2007 Fall/Winter Volume 7 No. 2

What is your business worth… really?

By Mike Adams, Managing Director

Lately, I’ve been hearing from friends and acquaintances in our industry, asking about what process to use to value their portable restroom service company. Perhaps tough market conditions in many parts of the country and/or the proliferation of consolidation efforts taking place in our industry are prompting some of you to consider selling your business.
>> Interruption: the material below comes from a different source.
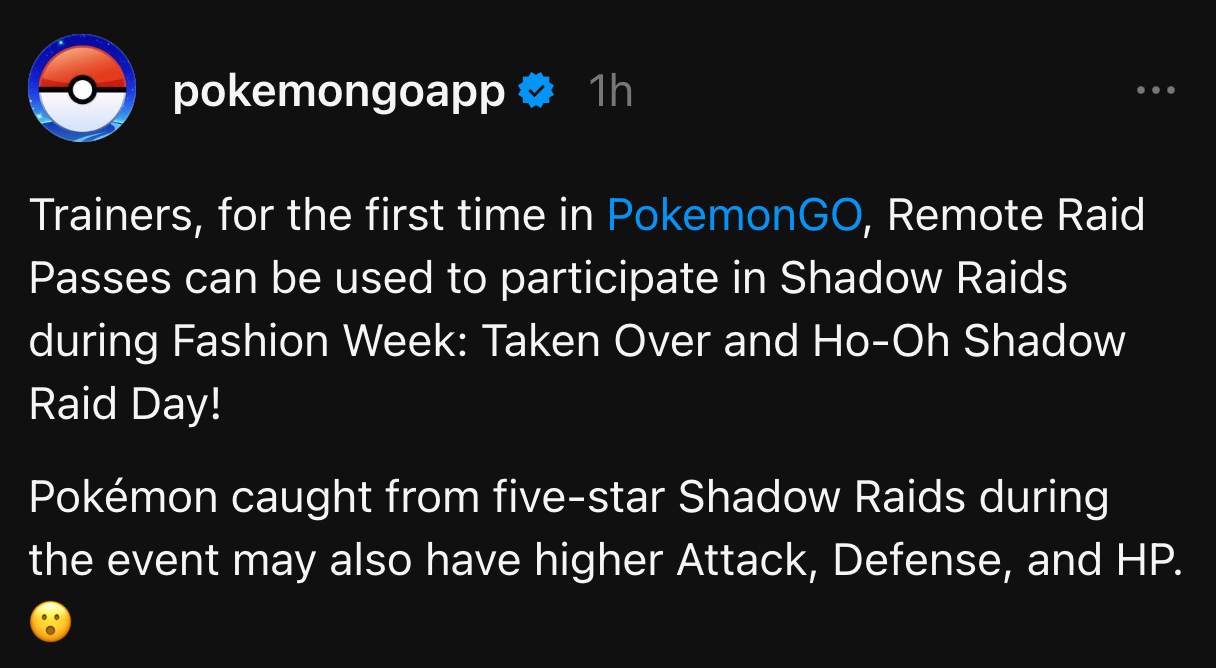 The official Shadow Ho-oh Raid Day blog post was also updated to include details about the Remote Raid limit being increased from five to twenty remote raids.

We’ve covered this topic in previous issues of JohnTalk, but since I’ve had so many requests for this information, I thought it was time for a review of the basic valuation formula.

Show me Your EBITDA

To get a ballpark figure of what your company will fetch, you'll have to tackle something called EBITDA. This tongue-twisting acronym stands for Earnings before Interest, Taxes, Depreciation, and Amortization. It is a metric that allows you (and a potential buyer) to value your company based on its cash flow. It makes it easier to compare your business with other service companies that might be subject to different tax and depreciation rates and debt levels.

To calculate your EBITDA, you will probably need to work with your accountant. The process involves adding back items such as interest expenses and taxes into your net profit, then establishing the cost of depreciation, determining the cost of amortization and adding them back as well.

What is Your Price?

Once you have calculated your EBITDA, you must decide what multiple of that number you think is a reasonable price to ask of a potential buyer.

In my experience, portable restroom service companies have traditionally sold for multiples of three to six times EBITDA. Remember, these multiples are just a benchmark. Every company and every marketplace is unique.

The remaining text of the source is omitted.